Jailed for petrol protest at bank
PUBLISHED: 13:47 08 February 2019
A man who threatened to set fire to a Bromley bank has been jailed for three and a half years.
The court was told Jason Duncan-King attempted to start a fire at the bank as part of a dispute.
He was angry when a payment was blocked from his account.
At Croydon Crown Court, Jason Duncan-King, 51, from Sevenoaks, admitted attempted arson being reckless as to whether life would be endangered.
The court was told Duncan-King had gone to Metro Bank, High Street, Bromley, on 16 October last year to dispute a payment which had been blocked from his account.
The police said he became angry with staff and was told to leave.
He said he would be back adding they would not like what he was going to do.
An hour later, Duncan-King was back and armed with a petrol can in a shopping bag.

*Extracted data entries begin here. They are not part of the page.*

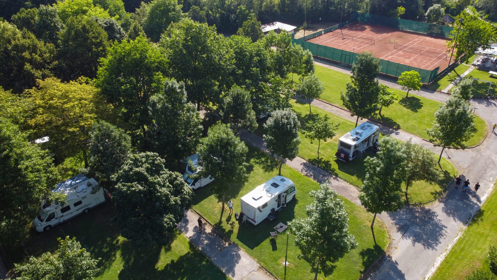 The campground covers an area of 33,000 square meters and encompasses a restaurant and a coffee bar. The campground offers 23 modern stall showers, and there are also washing machines and a tumble dryers available for the campers. The whole area is covered by a high speed wifi connection.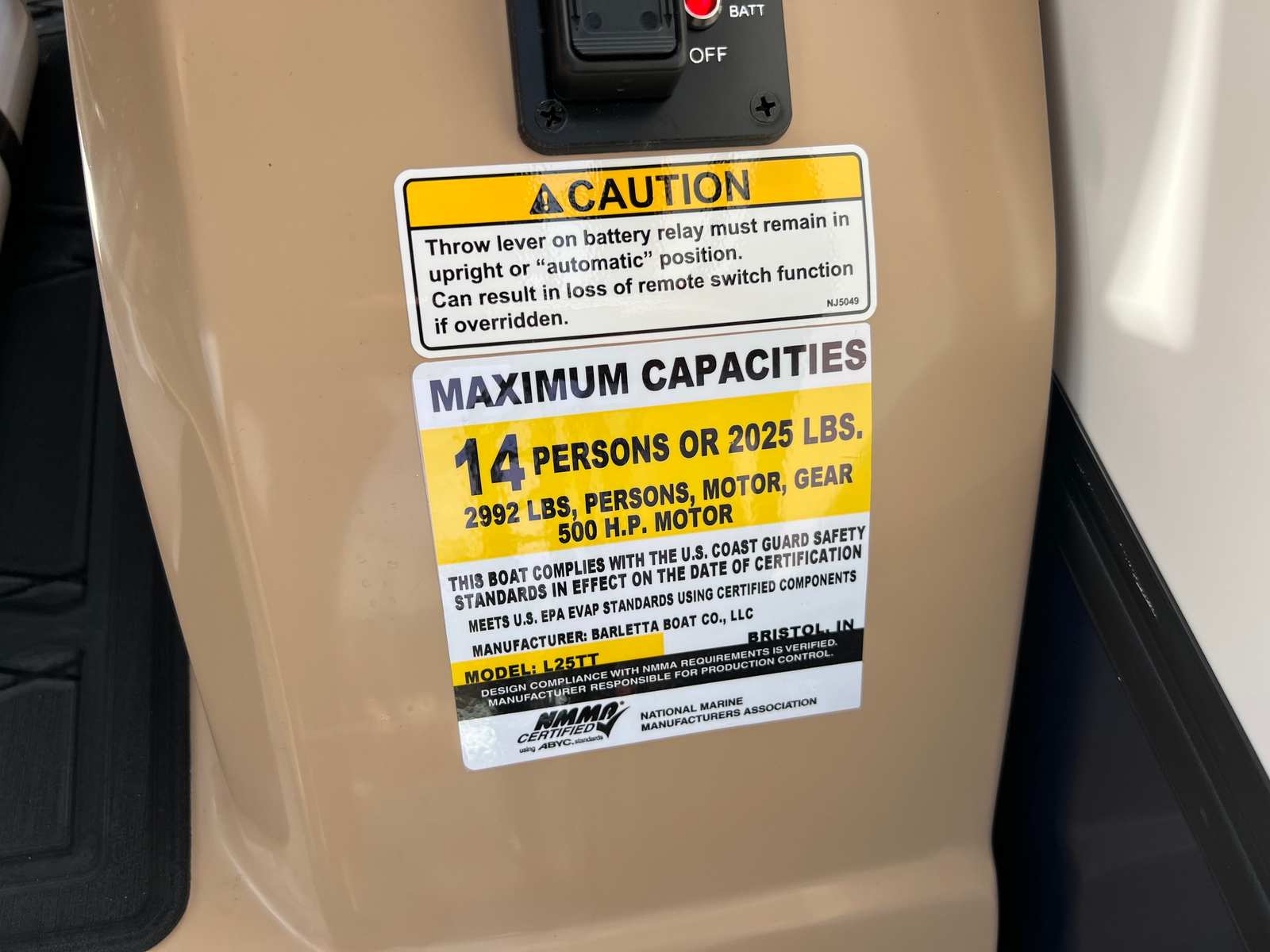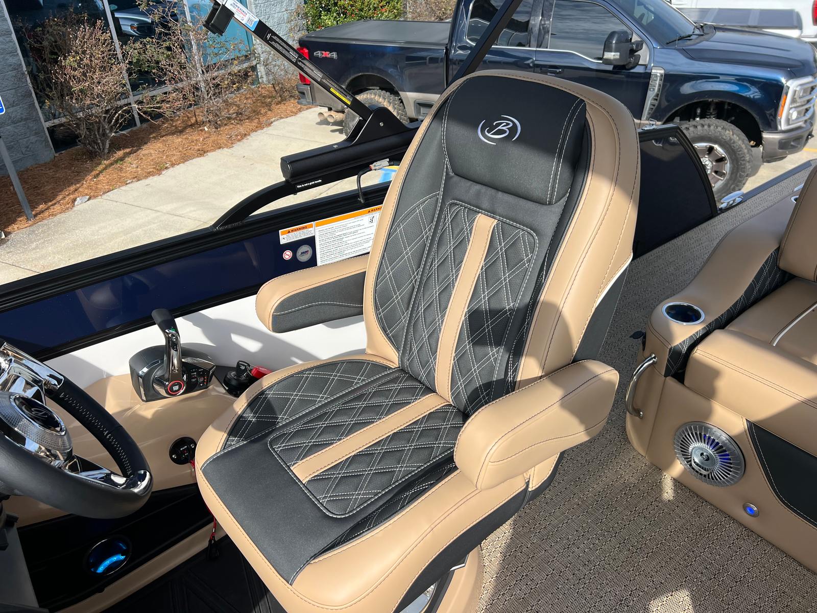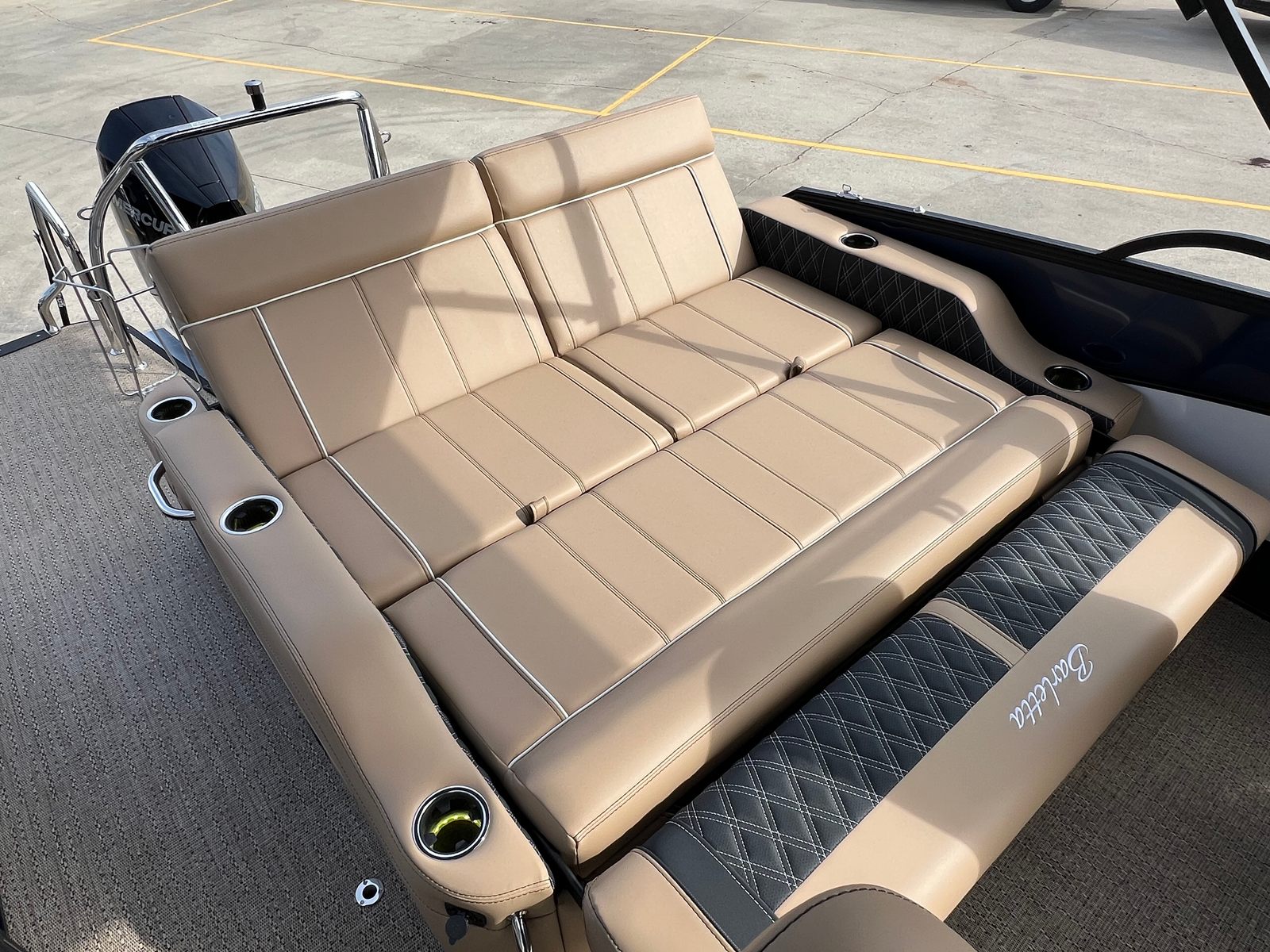 The 2026 Barletta Lusso L25UC is loaded with premium features designed to elevate your time on the water. The Blackout Package Lusso railskin adds a touch of modern sophistication, while the Blue Sapphire and Winter White color scheme ensures you stand out from the crowd. The Carmella Tan with Onyx furniture offers plush seating and ergonomic support, perfect for long days of relaxation or lively gatherings. Amore Tan flooring provides a soft, slip-resistant surface that is both stylish and practical.This pontoon boat is equipped with Mercury Digital DTS Pre-Rig for VERADO engines with Vessel Link, ensuring seamless integration and control of your engine systems. Hydraulic and power assist steering make handling effortless, while digital gauges provide real-time information at a glance. The rigged engine with a stainless steel prop ensures optimal performance and durability. For added convenience, the boat is pre-wired for an additional bimini, allowing you to customize your shade and comfort options. The onboard battery charger with two batteries ensures you have reliable power for all your electronic needs throughout the day.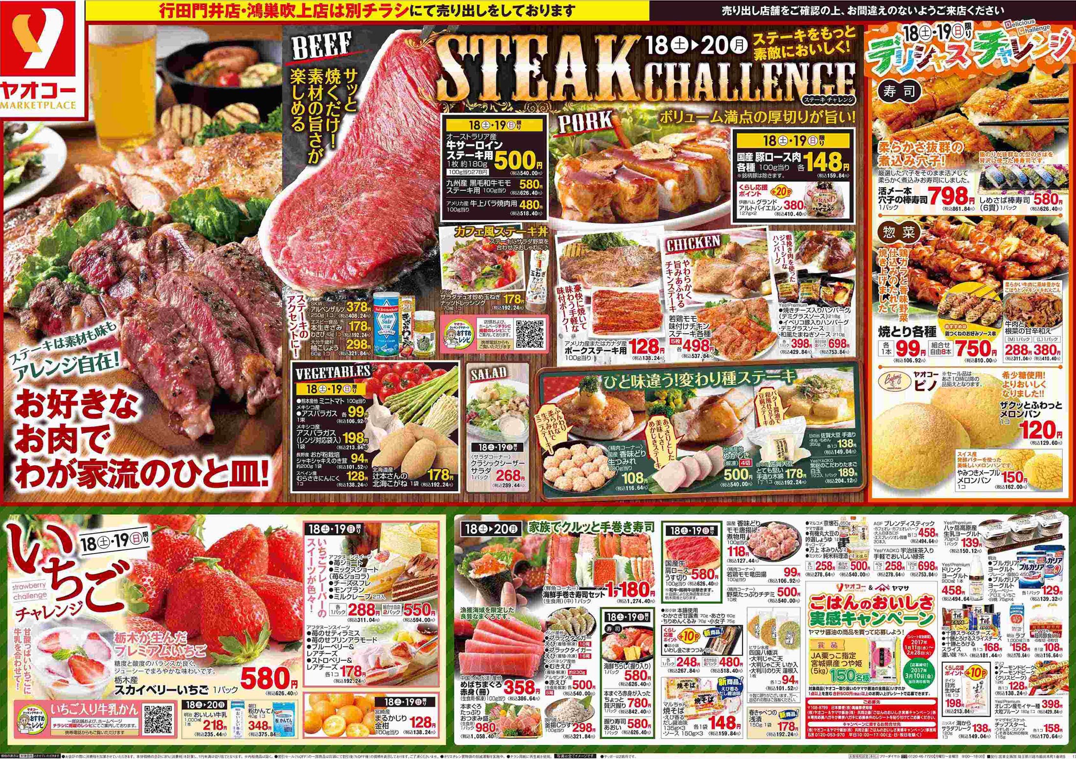 ヤオコー2017年2/18号(食品スーパー)のチラシ内容を紹介します。BBQ・肉を中心に、スタイリッシュ・ナチュラルな要素とデザインフォント・写真使用の表現で構成されたデザインです。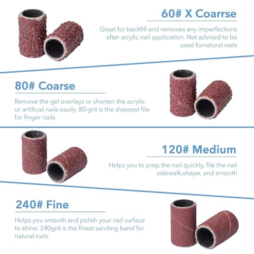 - 100 Pcs Nail Drill Bits Sanding Bands for Nail Drill:80#Grit File Set :Our sanding bands are designed with durable material. 180# comes with a smooth surface and it will perfect on the natural nail and cuticle with your file's low speed. The sanding bands old and new packages ship randomly.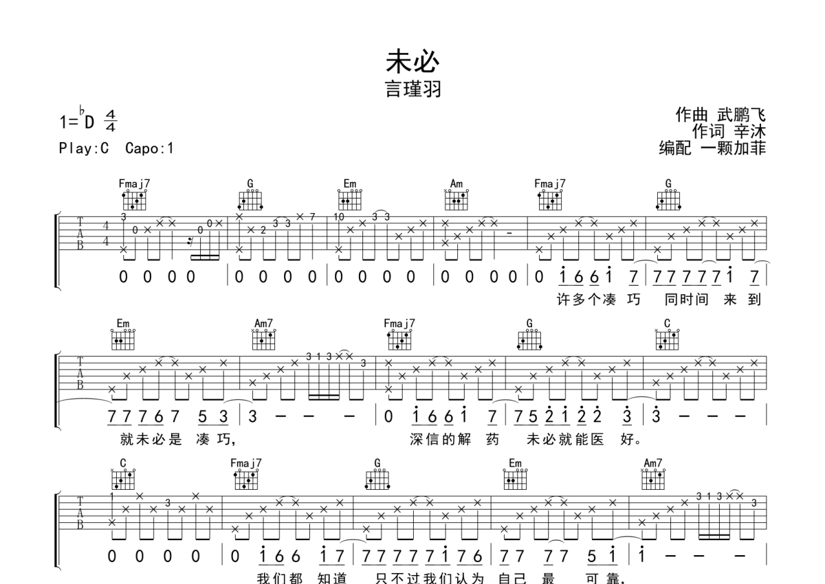 未必吉他谱 - 言瑾羽演唱 - C调弹唱六线谱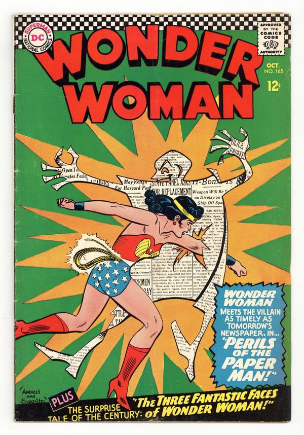 Cover pencils by Ross Andru, inks by Mike Esposito. "Perils of the Paper-Man," script by Robert Kanigher. Pencils by Ross Andru, inks by Mike Esposito; Diana Prince and Steve Trevor are at a chemical plant checking on a new process for making paper for the military when they encounter a timid factory worker named Horace, whom Diana takes pity on; Shortly afterward, Horace falls in a vat of chemicals used in making paper, and becomes a being of living paper. "The Three Fantastic Faces of Wonder Woman," script by Robert Kanigher, pencils by Ross Andru, inks by Mike Esposito; When Wonder Woman and Steve Trevor unveil what is supposed to be a statue of Wonder Woman built from copper pennies donated by her young fans, they are flabbergasted to see it has been stolen and replaced by a statue of Dr. Psycho. Letter to the editor by writer/producer Mike Uslan. 36 pages, Full Color. Cover price $0.12.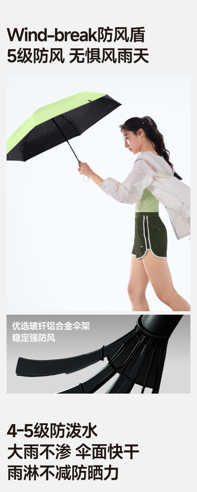 蕉下(beneunder) BM525 UPF50+ 五折黑胶胶囊防晒伞 清潭绿(单位:把)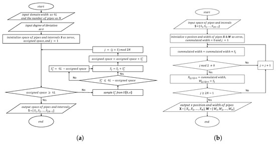 Flow diagram for determination of the Width and x positions of rectangles consisting of lower serial pipes. From left to right: (a) spaces of pipes and intervals, (b) x position and width of pipes. The superscript * represents a variable used as an intermediate step to determine the actual value.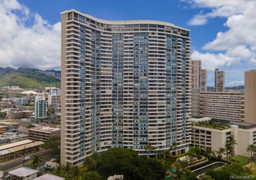 Marco Polo Apartments is a high-rise condo on Kapiolani Blvd near Waikiki, known for its wave-like design where several units boast canal views and some higher floor units great ocean views.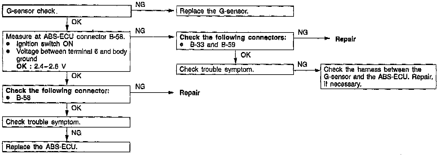 Comment: The ABS-ECU outputs this Diagnostic Trouble Code (DTC) when there is an open or short circuit in the harness of the G-sensor system.

He approached the same member of staff who had advised him to leave and poured petrol over himself, the counter and the rest of the bank, damaging flooring, computer equipment and furniture, causing £11,000 in damage.
A number of staff also had petrol poured on them while others fell on the liquid and suffered minor injuries.
Officers arrived at the scene to find Duncan-King with matches in his hand which they removed from him.
He was arrested and taken into custody where he was later charged.
After sentencing, Detective Constable Jamie Kirby, from South Area CID, said: “The officers who first attended the scene showed extreme bravery and put the safety of staff and customers before themselves.
“This incident could have been significantly worse if not for the swift and selfless intervention of these officers – actions which may well have saved the life of Duncan-King and others.”
And Detective Sergeant Danielle Power, who led the investigation, said: “Duncan-King had no regard for the safety of others and despite causing no serious physical injuries his actions have had a big impact on the lives of many staff present on the day.”
She praised the work of the London Ambulance Service and London Fire Brigade, plus the bank.